TASK REQUIREMENTS: Would you count the lines below that contain the string "Amicale" and reply with that number only?

Saved data entries
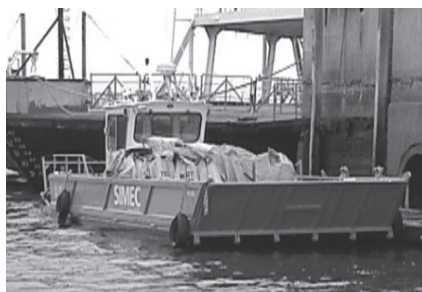
Barge d'intervention – SIMEC

Nous avons aussi souhaité faire de La Semaine de la navigation et de la relève maritime plus qu'une simple activité de promotion des formations et professions du secteur maritime. Nous avons voulu en faire un événement à même de surprendre et séduire tous les visiteurs, quel que soit leur âge et leurs attentes. Pour ce faire, nous avons invité nos partenaires à mettre à la disposition du public leurs outils de travail, ceux-là même avec lesquels la relève espérée aura à se former et à travailler. Il n'existe sans nul doute pas de meilleur moyen de sensibilisation et d'illustration à une réalité que de placer le visiteur en situation, de lui donner l'opportunité de toucher, de sentir et de questionner directement le ou la spécialiste qui en assure le fonctionnement au quotidien. Les illustrations ci-contre présentent ces « outils de travail » avec lesquels nos visiteurs ont pu prendre contact.
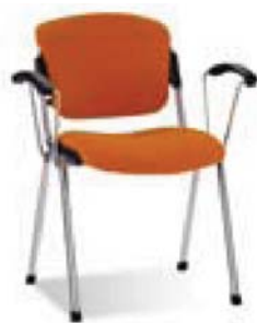
ERA arm chrome
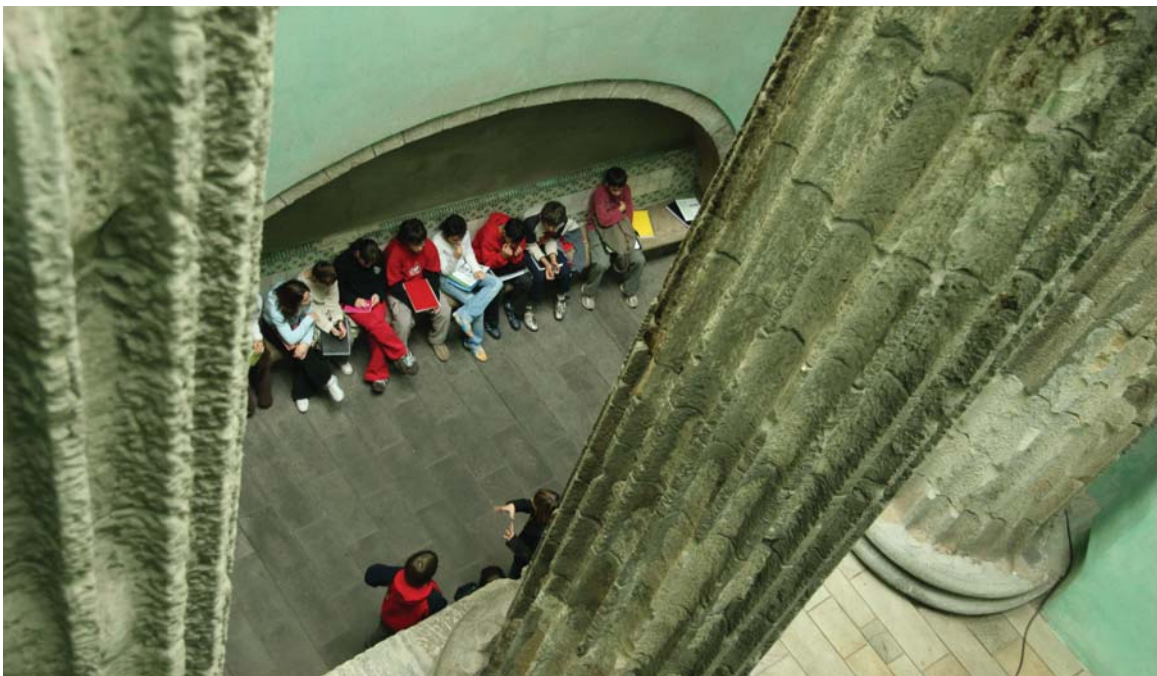
Visita escolar al temple d'August

El mes de juny de 2007, després de les exposicions fotogràfiques, les desfilades de moda romana, els tallers de cuina, els jocs romans i altres activitats que preveuen les unitats didàctiques dissenyades, caldrà avaluar el resultat de la primera edició d'aquest projecte, amb la voluntat de millorar tot el que convingui fins convertir-lo en una veritable eina de construcció al servei del futur.
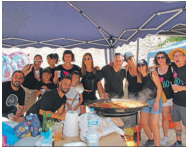
La calor no és impediment per a gaudir.
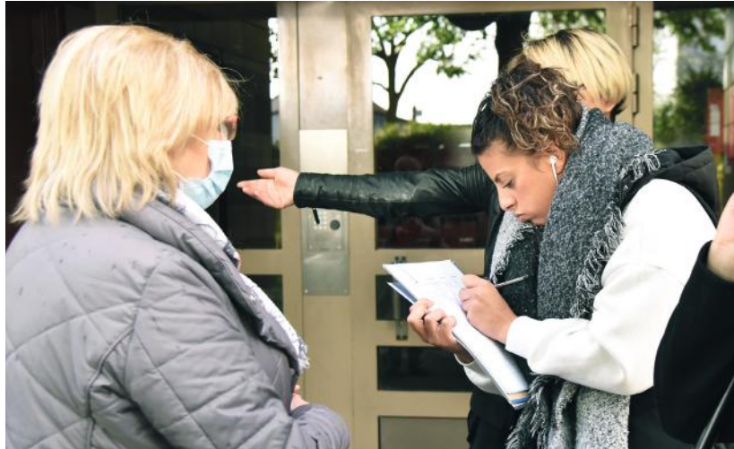
Chaque soir, l'Amicale fait du porte-à-porte afin de faire signer la pétition.

L'Amicale des locataires de la cité du Paradis ont invité Stains actu à venir constater leurs conditions de vie et pour crier leur ras-le-bol de nuisances diverses qu'ils disent subir. Reportage.
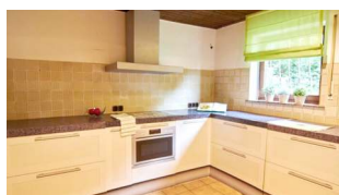
Täuschend echte Küchennachbildung.
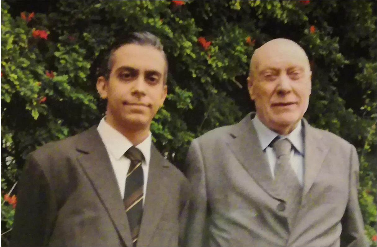
Foto di Ettore Majorana del 5 agosto 1996, assieme a Rolando Pelizza, costruttore della macchina che ha permesso di sperimentare le ipotesi teoriche di Ettore.
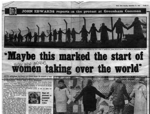
Coupage du Daily Mail issue du site d'archives de Greenham Common.
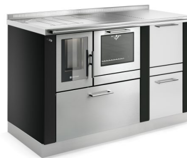
PELLET 90 PANORAMA + PELLET TANK Noir F5 / Inox
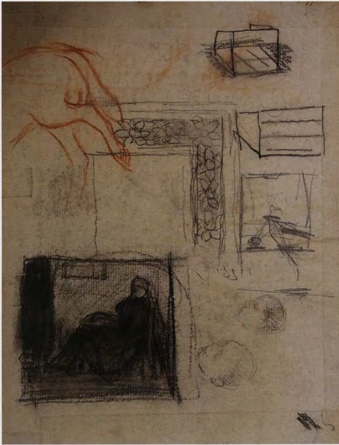
Jakob Smits, schetsen op binnenzijden van schetsboeken, [zd], zwart en rood krijt, 25,5 x 19,5 cm
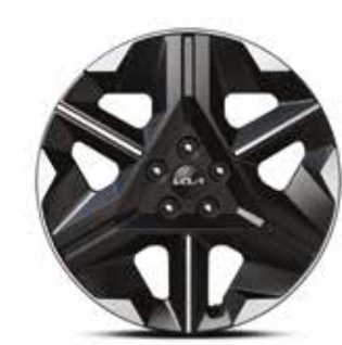
19인치 전면가공 휠
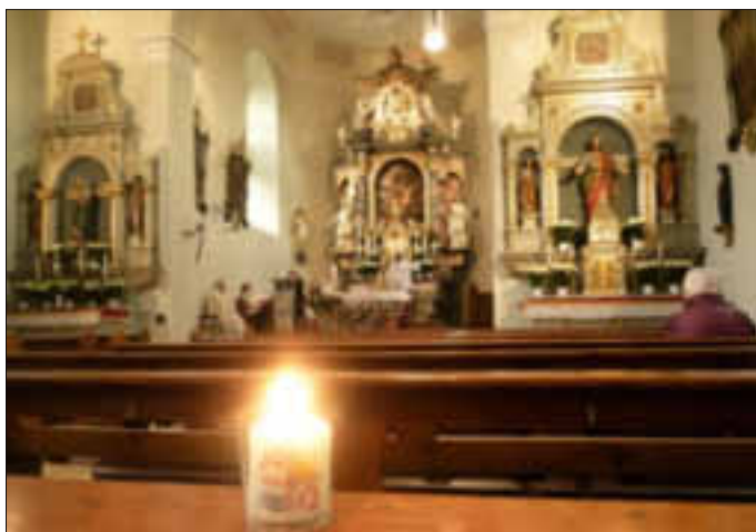
Im vorderen Teil wären noch genügend Sitzplätze frei gewesen, um an diesem wahrscheinlich einmaligen Ereignis teilzunehmen. Für alle die teilnahmen, war es sicher eine wunderbare und ansprechende Osternachtfeier.
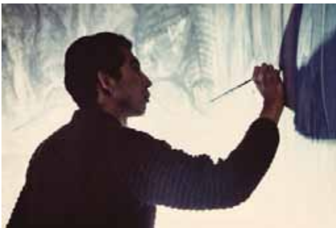
Restauración de murales de Diego Rivera, Secretaría de Educación Pública, México, D. F., 1965.
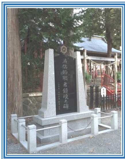
< 消防殉職者鎮魂之碑：おがみ神社 >
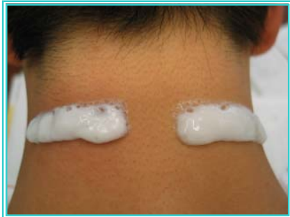
図1 刺激感評価の様子
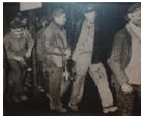
Mineurs du Nord-Pas-de-Calais

8. Quelles sont les causes du mécontentement des mineurs ?
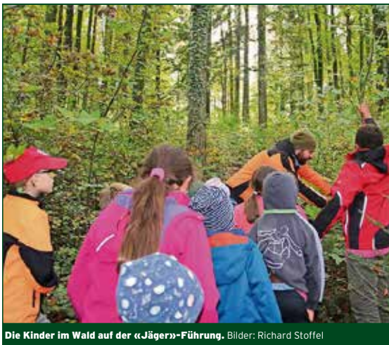
Die Kinder im Wald auf der «Jäger»-Führung.

Digitale Tools ermöglichten auch Flexibilität innerhalb der Camp-Organisation. Via QR-Code konnte man die aktuellen Verfügbarkeiten der vorhandenen Plätze für die einzelnen Aktivitäten abrufen. So konnte man noch am Vormittag entsprechende Nachmittags-Präferenzen umdisponieren, beziehungsweise Änderungswünsche vornehmen.
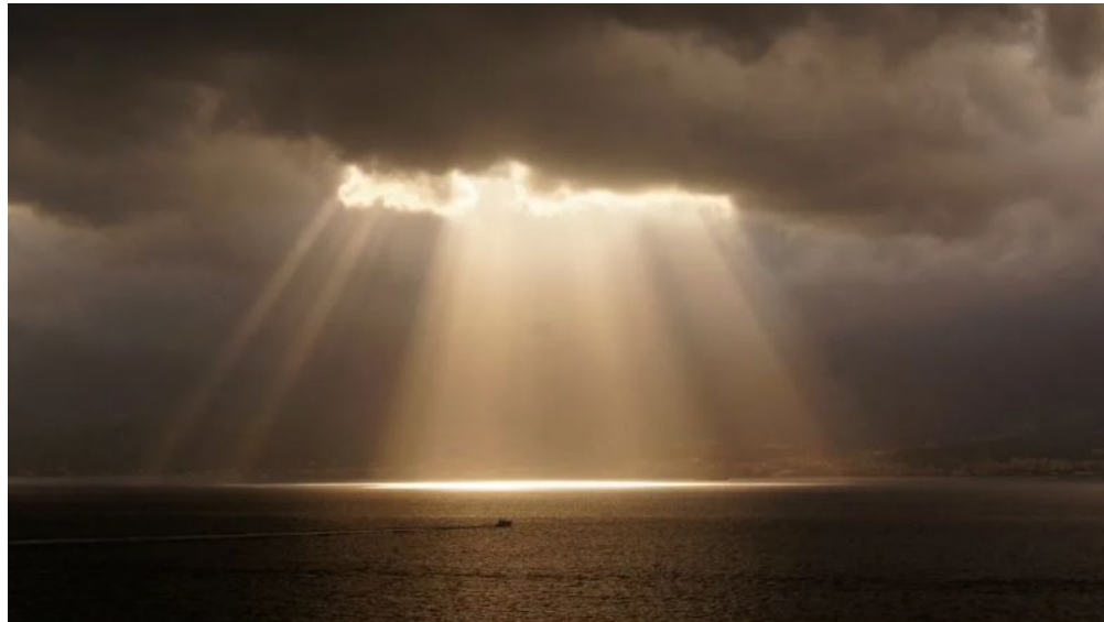
свет неба, затянутого тучами
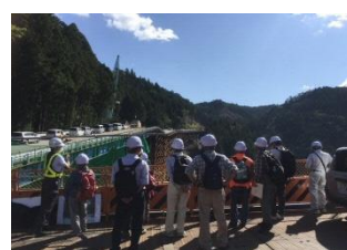
設楽ダム工事見学ツアー

RESULT BELOW: 2